Defined Benefit Pension and Postretirement Medical Plan Gains and Losses

We recognize changes in the fair value of plan assets and net actuarial gains and losses in excess of a 10% corridor (defined as 10% of the greater of the fair value of plan assets or the plan’s projected benefit obligation), as well as gains and losses resulting from plan curtailments and settlements, for our pension and postretirement defined benefit plans immediately as part of Investment income (expense) and other in the statements of consolidated income. We supplement the presentation of our income before income taxes, net income and earnings per share with adjusted measures that exclude the impact of these gains and losses and the related income tax effects. We believe excluding these defined benefit pension and postretirement plan gains and losses provides important supplemental information by removing the volatility associated with plan amendments and short-term changes in market interest rates, equity values and similar factors.

Free Cash Flow

We calculate free cash flow as cash flows from operating activities less capital expenditures, proceeds from disposals of property, plant and equipment, and plus or minus the net changes in other investing activities. We believe free cash flow is an important indicator of how much cash is generated by our ongoing business operations and we use this as a measure of incremental cash available to invest in our business, meet our debt obligations and return cash to shareowners.

Adjusted Return on Invested Capital

Adjusted ROIC is calculated as the trailing twelve months (“TTM”) of adjusted operating income divided by the average of total debt, non-current pension and postretirement benefit obligations and shareowners’ equity, at the current period end and the corresponding period end of the prior year. Because adjusted ROIC is not a measure defined by GAAP, we calculate it, in part, using non-GAAP financial measures that we believe are most indicative of our ongoing business performance. We consider adjusted ROIC to be a useful measure for evaluating the effectiveness and efficiency of our long-term capital investments.

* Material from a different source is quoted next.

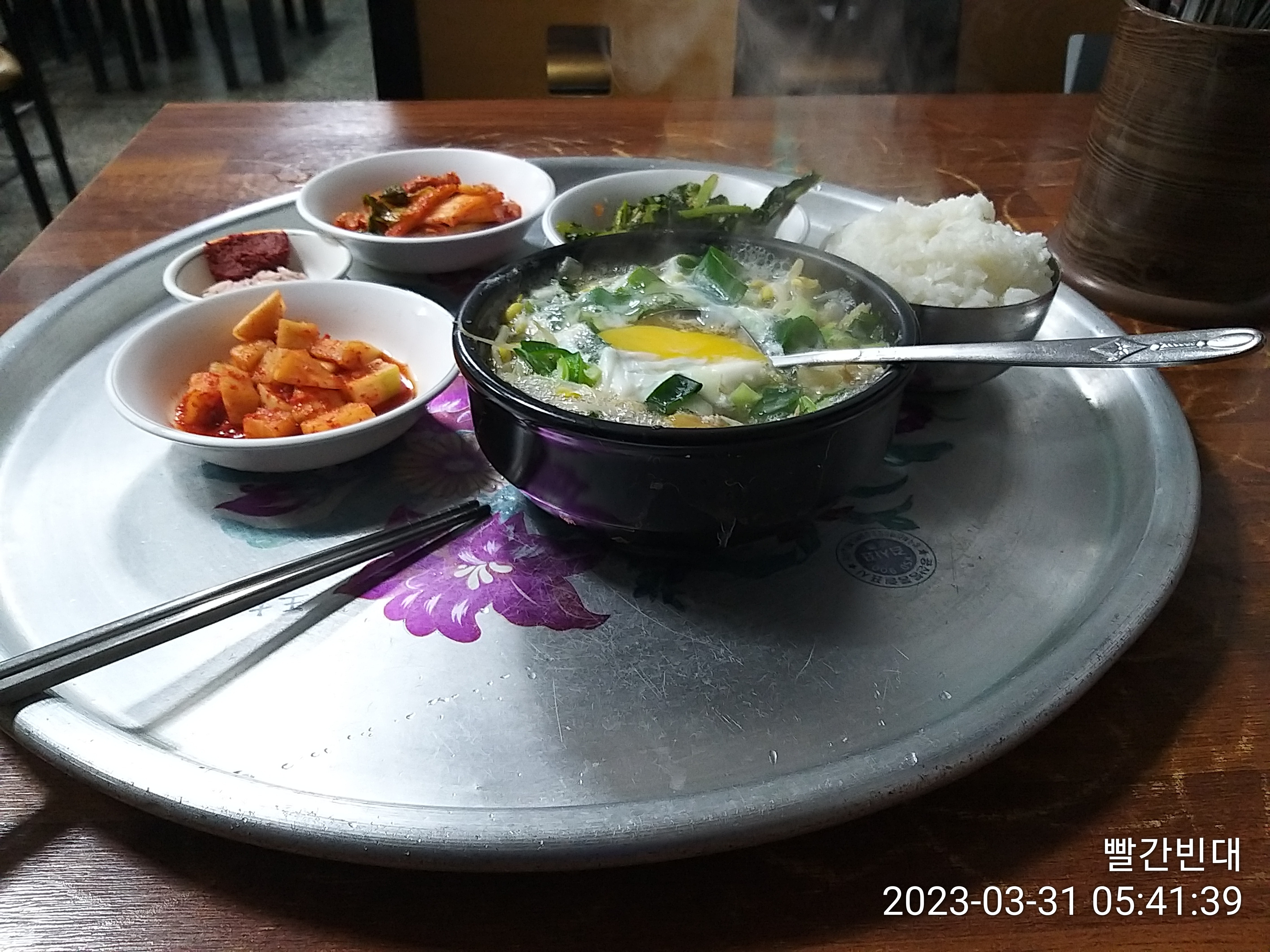 사전에 이집 음식값이 비싼걸 알고 길건너 서문해장국으로 갈려 했는데 홈피와 달리 영업을 안하네. 하는수 없이 울며 겨자 먹기식으로 원조전주콩나물 해장국으로 들어갔다. 머슴밥을 주네. 다 못먹을것 같아 1/3만 먹는데 산행을 위해 억지로 먹으며 어제 염소탕 생각하니 울화통이 터진다. 테이크 아웃을 생각 못한게 원통스럽다. 열받아 카드로 계산한다

Adjusted Total Debt / Adjusted EBITDA

Adjusted total debt is defined as our long-term debt and finance leases, including current maturities, plus non-current pension and postretirement benefit obligations. Adjusted EBITDA is defined as earnings before interest, taxes, depreciation and amortization adjusted for the impacts of incentive compensation program redesign, one-time compensation, goodwill & asset impairment charges, transformation and other costs, defined benefit plan gains and losses and other income. We believe the ratio of adjusted total debt to adjusted EBITDA is an important indicator of our financial strength, and is a ratio used by third parties when evaluating the level of our indebtedness.